Given material
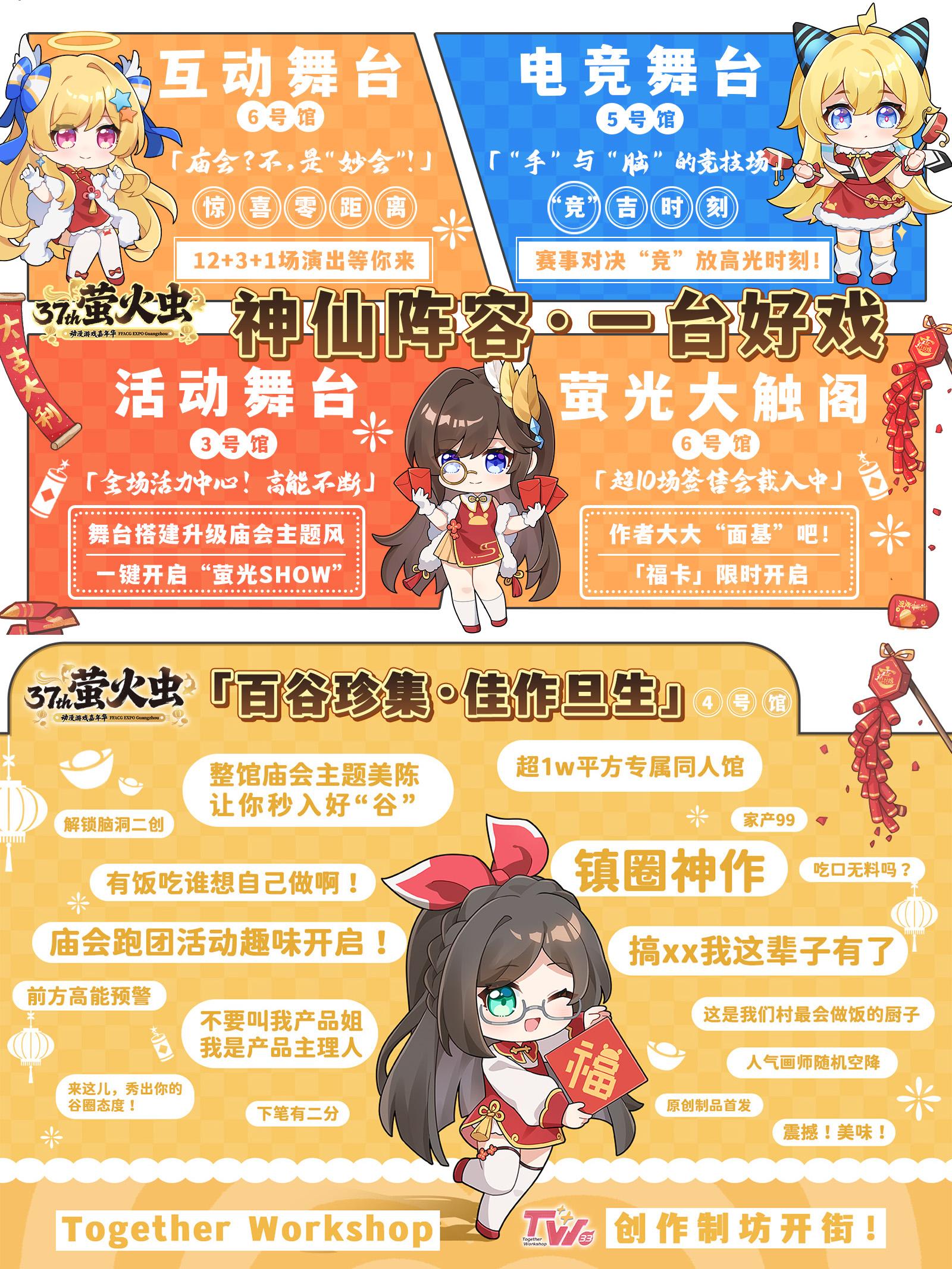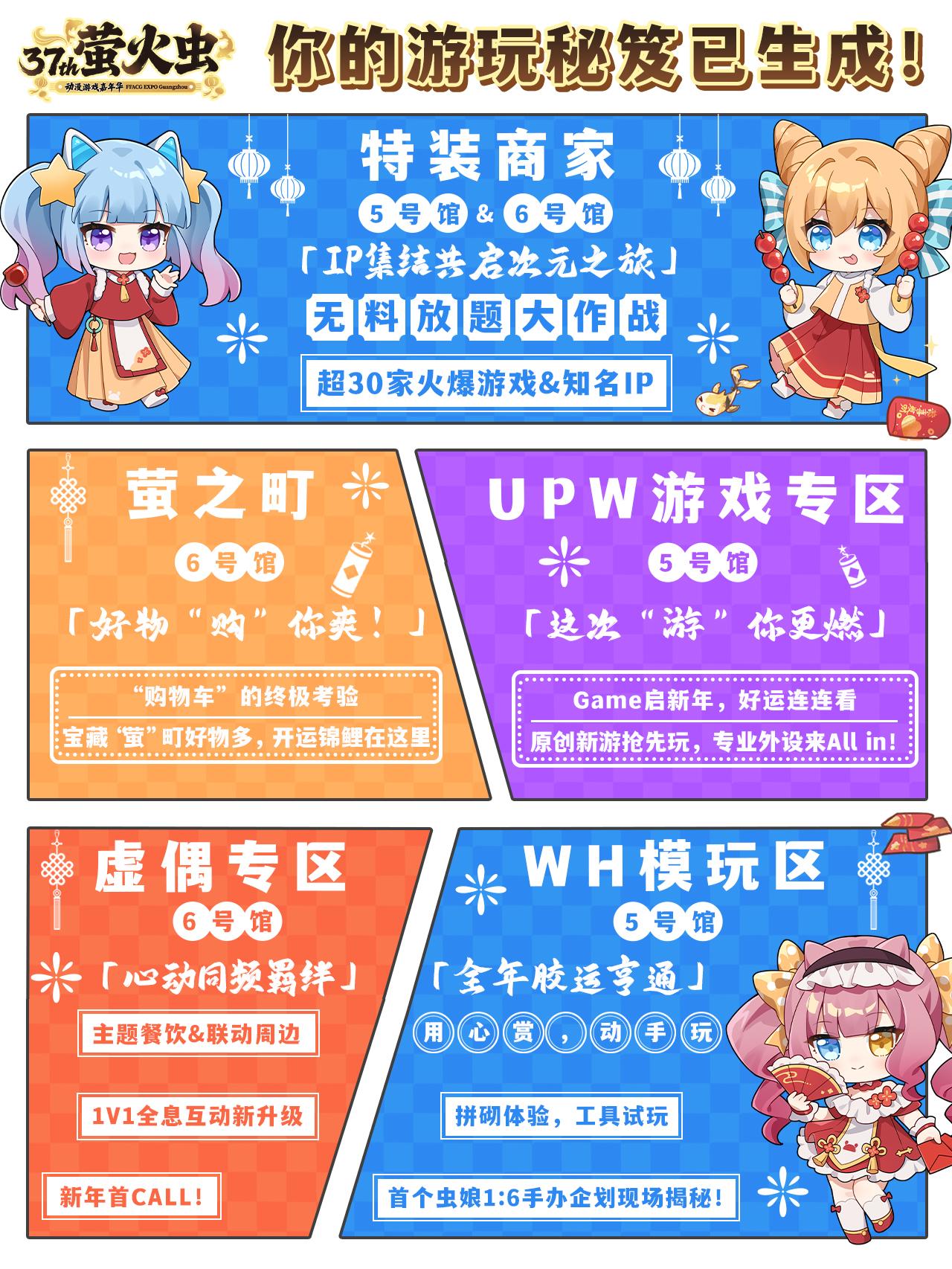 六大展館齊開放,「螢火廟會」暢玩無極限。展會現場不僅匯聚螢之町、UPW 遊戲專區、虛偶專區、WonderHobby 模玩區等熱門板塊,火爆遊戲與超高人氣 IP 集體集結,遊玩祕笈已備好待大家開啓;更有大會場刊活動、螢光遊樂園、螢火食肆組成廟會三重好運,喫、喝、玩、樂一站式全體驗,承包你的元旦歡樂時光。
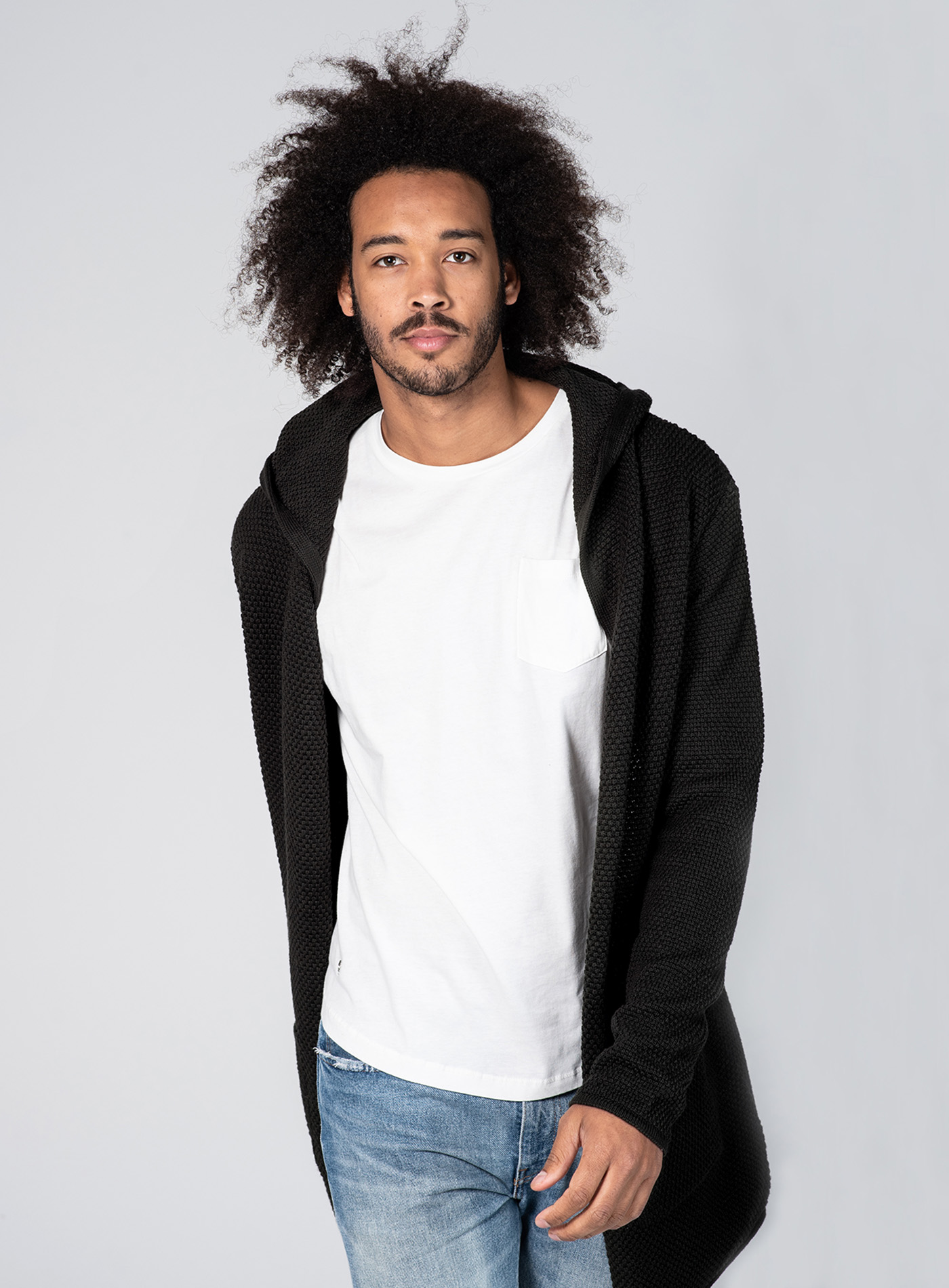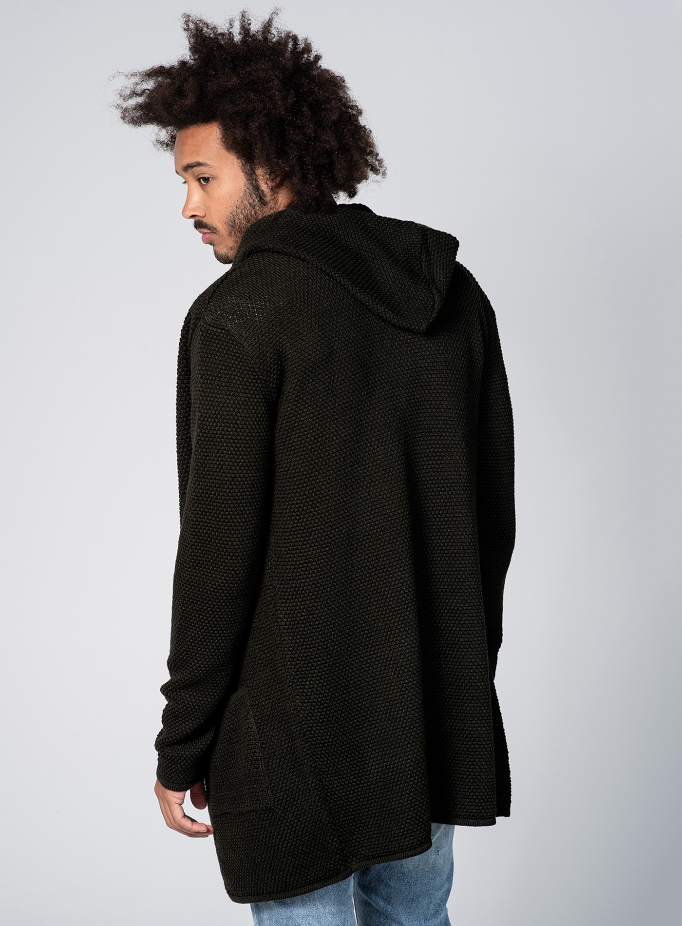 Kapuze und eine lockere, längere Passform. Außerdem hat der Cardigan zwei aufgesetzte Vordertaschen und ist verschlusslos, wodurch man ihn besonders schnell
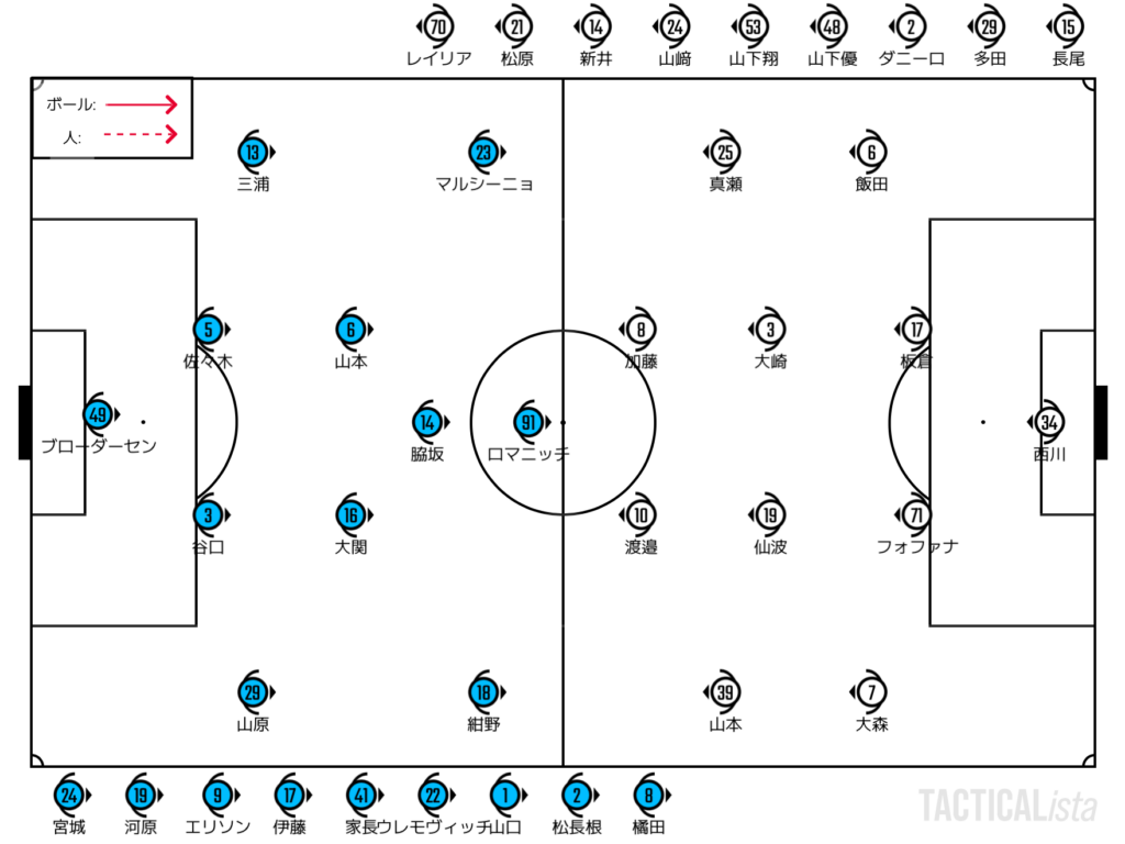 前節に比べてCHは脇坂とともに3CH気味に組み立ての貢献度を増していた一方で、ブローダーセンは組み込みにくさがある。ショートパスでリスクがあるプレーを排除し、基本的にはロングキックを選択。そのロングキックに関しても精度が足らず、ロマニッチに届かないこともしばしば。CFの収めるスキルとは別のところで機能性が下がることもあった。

Task objective
Each line from the one with "Kapuze und eine" to the last line of the listing should be returned exactly, both ends included, and no picture with them.

Your solution
 Kapuze und eine lockere, längere Passform. Außerdem hat der Cardigan zwei aufgesetzte Vordertaschen und ist verschlusslos, wodurch man ihn besonders schnell
 前節に比べてCHは脇坂とともに3CH気味に組み立ての貢献度を増していた一方で、ブローダーセンは組み込みにくさがある。ショートパスでリスクがあるプレーを排除し、基本的にはロングキックを選択。そのロングキックに関しても精度が足らず、ロマニッチに届かないこともしばしば。CFの収めるスキルとは別のところで機能性が下がることもあった。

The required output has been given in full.